### Exercise
Exact copy, no pictures: restate each entry below word for word.

[Stored data entries]
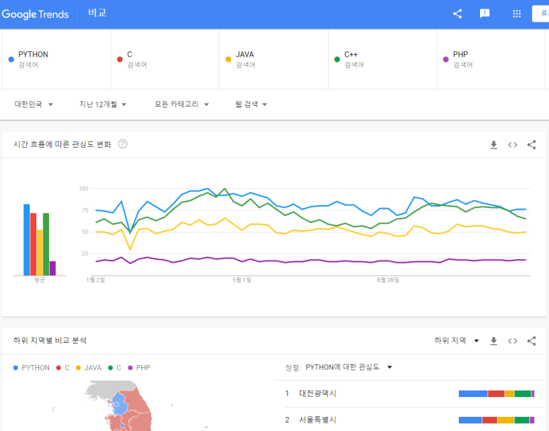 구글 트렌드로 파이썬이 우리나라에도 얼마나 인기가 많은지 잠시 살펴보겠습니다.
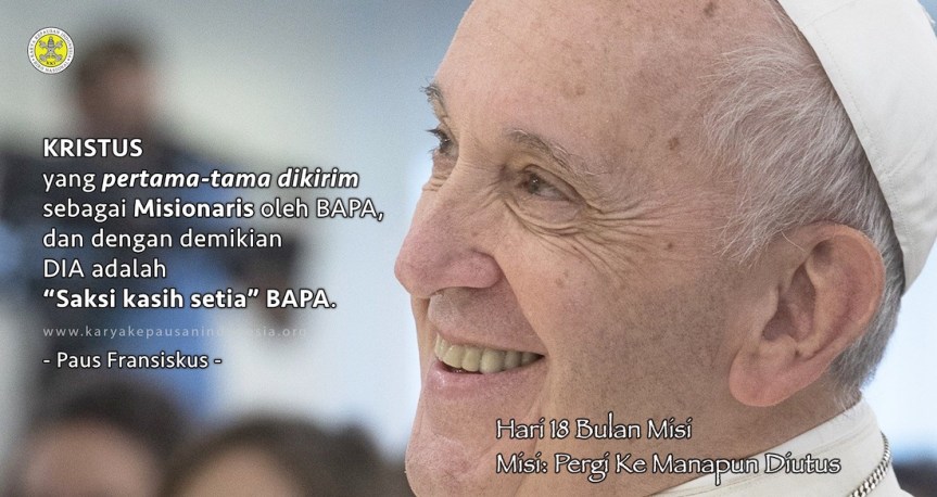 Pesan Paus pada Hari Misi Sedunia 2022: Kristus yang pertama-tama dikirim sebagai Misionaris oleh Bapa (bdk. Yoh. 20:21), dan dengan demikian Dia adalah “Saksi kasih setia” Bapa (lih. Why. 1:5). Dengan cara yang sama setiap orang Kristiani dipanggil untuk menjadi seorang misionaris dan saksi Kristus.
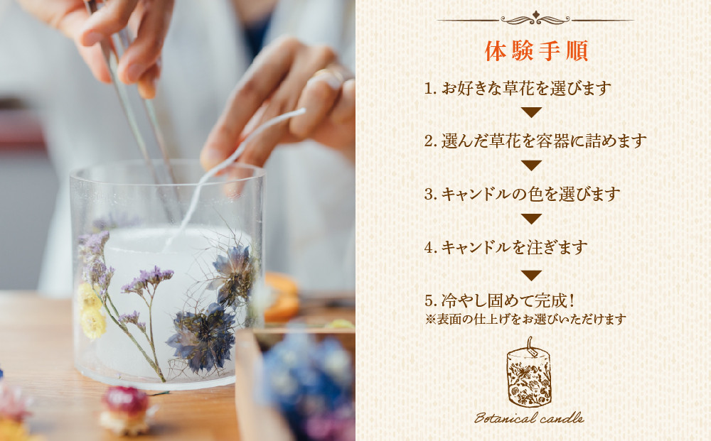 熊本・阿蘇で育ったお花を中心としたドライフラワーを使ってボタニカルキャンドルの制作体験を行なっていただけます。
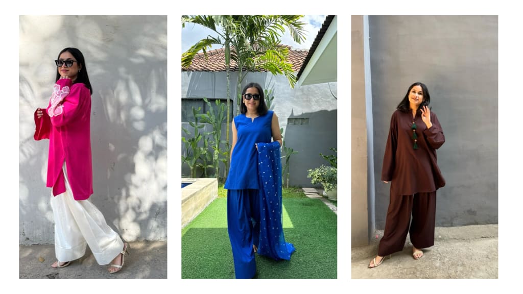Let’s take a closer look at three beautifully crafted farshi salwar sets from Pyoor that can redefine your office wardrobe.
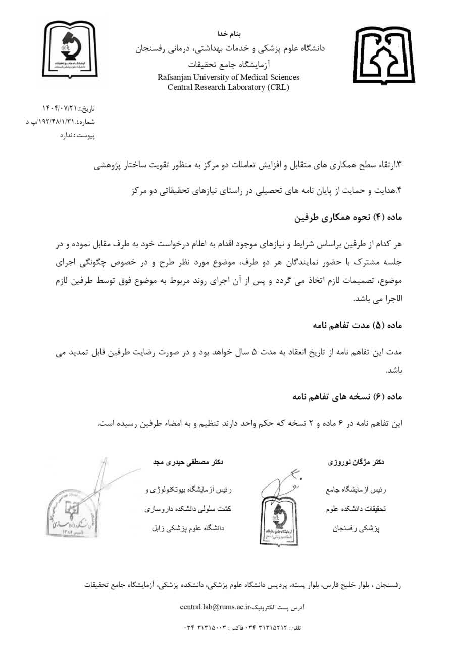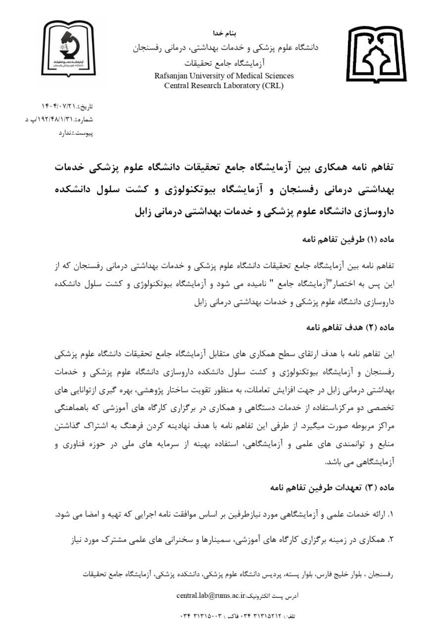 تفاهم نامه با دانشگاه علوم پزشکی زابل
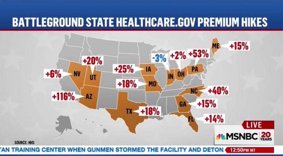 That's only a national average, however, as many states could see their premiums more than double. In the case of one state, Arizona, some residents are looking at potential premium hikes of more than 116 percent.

### Exercise output
 구글 트렌드로 파이썬이 우리나라에도 얼마나 인기가 많은지 잠시 살펴보겠습니다.
 Pesan Paus pada Hari Misi Sedunia 2022: Kristus yang pertama-tama dikirim sebagai Misionaris oleh Bapa (bdk. Yoh. 20:21), dan dengan demikian Dia adalah “Saksi kasih setia” Bapa (lih. Why. 1:5). Dengan cara yang sama setiap orang Kristiani dipanggil untuk menjadi seorang misionaris dan saksi Kristus.
 熊本・阿蘇で育ったお花を中心としたドライフラワーを使ってボタニカルキャンドルの制作体験を行なっていただけます。
Let’s take a closer look at three beautifully crafted farshi salwar sets from Pyoor that can redefine your office wardrobe.
 تفاهم نامه با دانشگاه علوم پزشکی زابل
 That's only a national average, however, as many states could see their premiums more than double. In the case of one state, Arizona, some residents are looking at potential premium hikes of more than 116 percent.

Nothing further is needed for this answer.